On the small island of Huraa, one hour's sail from Male, there is one primary level health centre which provides service to the total island population of around 900 people. The health centre is manned by a nurse and occasionally by a general practitioner. The nurse, Ms. Aishath Shaany, is one of the 70 health workers who have been trained in diabetes under the project to date. Upon return from training she has carried out screenings which has led to the identification of 20 new diabetes cases. These newly identified people now attend the clinic on a regular basis and Ms. Shaany expects more patients to be identified in the time to come.

According to the Mr. Lautrup-Nielsen, the diabetes service established at Huraa's only health centre is likely to provide relief to many patients from the demanding travels to Male capital for basic care.

"However, the absence of pharmacy service on the island does at times demand patients to travel to Male to acquire their medication," he says.

A great relief

During his visit to the Huraa Health Centre, Mr. Lautrup-Nielsen met two of the people with diabetes who attend the recently opened diabetes clinic at a regular basis. Ms. Rasheeda Mohamed, aged 57, was diagnosed with diabetes in 2002. She applauded the opening of the diabetes service at the health centre on the island. During the first eight years after she was diagnosed she had travelled to Male capital island every two months for controls and examinations.

"After I found out that the care services and advice they provide at the local health centre are of standards comparable to what I got in Male, I am positive that my diabetes condition can be managed here at Huraa island. This has been a great relief in my life and to my family," she expressed.

Mr.
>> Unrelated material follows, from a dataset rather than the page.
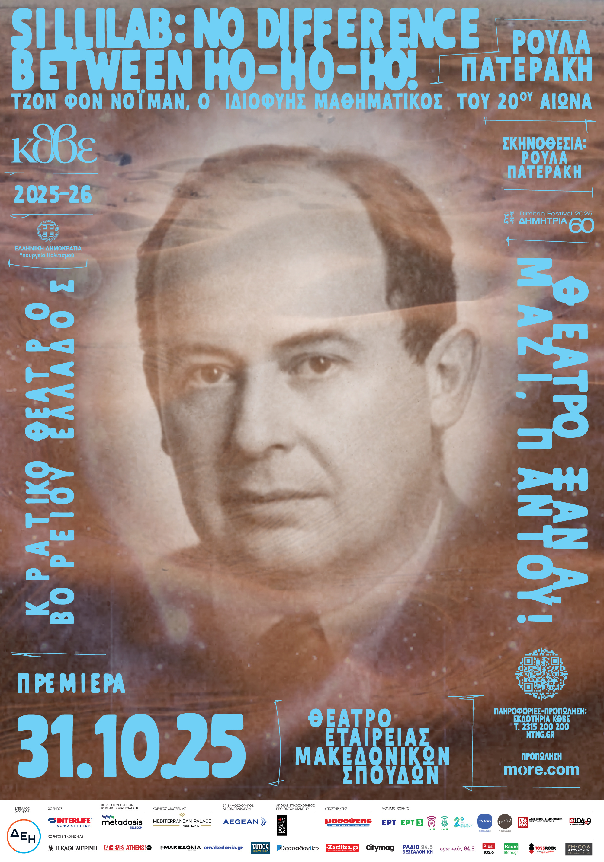 Η Ρούλα Πατεράκη,η μεγάλη κυρία του ελληνικού θέατρου, επέστρεψε στο ΚΘΒΕ και μας… αποκάλυψε, με μοναδικό τρόπο,γεμάτο συγκίνηση, την προσωπικότητα του κορυφαίου μαθηματικού του 20ού αιώνα, Τζον φον Νόιμαν«φωτίζοντας» στιγμές της επαγγελματικής και προσωπικής του ζωής.

Abdul Hassan, aged 66, was diagnosed with diabetes in 2004 and has since spent substantial resources on travels to Male island for care and advice. He was particularly pleased with the perspective of eye services becoming available at the DSM premises in the future as he has experienced vision problem in recent times.

"This will save me a trip to India or Sri Lanka which is currently the nearest place I can get proper eye examination," he said.

The first clinic for advanced eye care

After the successful launch of the first World Diabetes Foundation and DSM collaboration in the "Project 200 islands", DSM sought the opportunity to further improve the level of diabetes services in the Maldives. Under the second project which will commence in June 2011, an eye care clinic will be established at the DSM premises in Male.

During the three year project period, 86 eye screening camps will be held on six main atolls. Diabetes patients identified in need of advanced eye care will be referred to the new clinic in Male. In addition, since the eye clinic will be the first of its kind in Maldives, it will also be the referral centre for diabetes-related advanced eye care from all islands. A local ophthalmologist will be the key person in charge of the project roll out of the screening camps and of the care provision at the new eye clinic. In addition, awareness activities will be carried out with targeted population covered to reach more than 100,000.

The gain for the end user

When asked about the difference this project does, Ms. Aishath Shiruhana, CEO of DSM immediately drew attention to the end users, namely people with diabetes: "As awareness is being created people increasingly understand the need for early action with regard to health issues and complications. We see people with diabetes taking the initiative to do health checks on their own. As a result, people are leading healthier lives due to the knowledge gained about preventive and curative measures. Through the trained educators who are working on their own islands in the existing health settings we are now able to continue screening and awareness program to the disadvantaged and remote islands," she concludes.